Biomateriał implantacyjny nazywany też „sztuczną kością”, stworzony przez zespół, na czele którego stoi profesor Grażyna Ginalska, zapowiada rewolucję w chirurgii. Materiał nie wywołuje alergii i znakomicie zrasta się z prawdziwą kością. Ponadto daje nadzieję na przyspieszenie procesu skutecznego leczenia.
Postęp wymaga czasu. Profesor Grażyna Ginalska nie żałowała go na realizację swojego celu. Wieloletnie żmudne badania doprowadziły ją do stworzenia biomateriału posiadającego bardzo zbliżony skład chemiczny do naturalnej kości człowieka. Jak zaczęła się historia przełomowego wynalazku w dziedzinie chirurgii?
Z potrzeby
Wynalezienie „sztucznej kości” jest efektem zainteresowania Grażyny Ginalskiej sposobem zastosowania badań medycznych w praktyce i potrzeby, jaka pojawiła się w ortopedii.

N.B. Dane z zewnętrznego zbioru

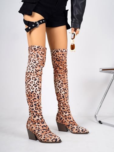 Over-the-Knee Leopard Print Boots, Pointed Toe 6

W jednym z wywiadów profesor wyjawiła, w jaki sposób doszło do rozpoczęcia prac nad „sztuczna kością” – (…) ortopedzi sami przyszli do mnie i powiedzieli, że potrzebują materiału, który byłby dla nich poręczny, takiego, który np. podczas wszczepiania im się nie przesuwa, nie przesypuje, jak to się działo w przypadku stosowanych wcześniej granulatów. (…) My wytworzyliśmy materiał zwarty, kompozytowy, bardziej przypominający naturalną strukturę kości [1].
Badania zespołu Grażyny Ginalskiej nad modyfikacją materiałów implantacyjnych rozpoczęły się w 2005 roku. W ich wyniku powstał biomateriał uzupełniający ubytki kostne. Dzięki swoim właściwościom znajduje szerokie zastosowanie w zakresie stomatologii implantacyjnej, ortopedii czy też w przypadku urazów powstałych w wyniku mechanicznego uszczerbku bądź chorób nowotworowych. Ze względu na jego plastyczność łatwo dostosowuje się do kształtu ubytku. Może być wykorzystywany jako nośnik leku, w tym antybiotyków, i bez ryzyka pozostawać w ciele człowieka do końca życia. To ogromny postęp w dziedzinie chirurgii, który warto upowszechnić z myślą o pacjentach.
Trudna komercjalizacja wynalazku
Biomateriał implantacyjny został już opatentowany – (…) mamy dwa patenty krajowe i jeden europejski [2]. Wydaje się, że w Polsce nie ma przedsiębiorstwa, które wytwarzałoby materiały kościozastępcze tego typu. Natomiast to, co różni wynalazek Grażyny Ginalskiej od alternatywnych materiałów produkowanych za granicą, to skład – W większości ich produktów [red. wytwarzanych przez zagraniczne firmy] obok fosforanu wapniowego są polimery białkowe (kolagen, fibryna) lub polimery syntetyczne. Nasz kompozyt nie ma białka, ale cukier. Dzięki temu to bezpieczniejszy materiał [3].
Biokompozyt kościozastępczy opracowany przez prof. Ginalską i jej zespół występuje pod nazwą FlexiOss®. Właścicielem marki i wytwórcą produktu jest Medical Inventi S.A z siedzibą w Lublinie, która łączy środowisko nauki z prywatnym kapitałem.
Komercjalizacja wynalazku okazuje się trudnym procesem, ponieważ wymaga ogromnych nakładów finansowych oraz wypełnienia rygorystycznych wymogów dotyczących m.in. badań klinicznych, raportu z oceną badań klinicznych, pozyskania notyfikacji linii produkcyjnej itp. [4]. Pierwsze założenia dotyczące uruchomienia sprzedaży „sztucznej kości” w Polsce mówią o 2019 roku. Rok później produkt ma trafić na rynek austriacki, niemiecki i szwajcarski [5].
Wysyp nagród i wyróżnień
Profesor Grażyna Ginalska kieruje Katedrą Biochemii i Biotechnologii na Uniwersytecie Medycznym w Lublinie. Współpracuje nie tylko z krajowymi, ale również zagranicznymi zespołami badawczymi w zakresie opracowania materiałów wszczepiennych do zastosowania w ortopedii i chirurgii urazowej kości. Jest laureatką wielu nagród i wyróżnień polskich oraz zagranicznych. Otrzymała m.in. Nagrodę Światowej Organizacji Własności Intelektualnej (WIPO – OMPI), Nagrodę Grand Prix Europejskiej Izby Francuskich Wynalazców, złoty medal z wyróżnieniem Eureka 2013, nagrodę Ministra Nauki i Szkolnictwa Wyższego za wybitne osiągnięcia wynalazcze na arenie międzynarodowej czy prestiżową Prix Galien Polska 2016 [6].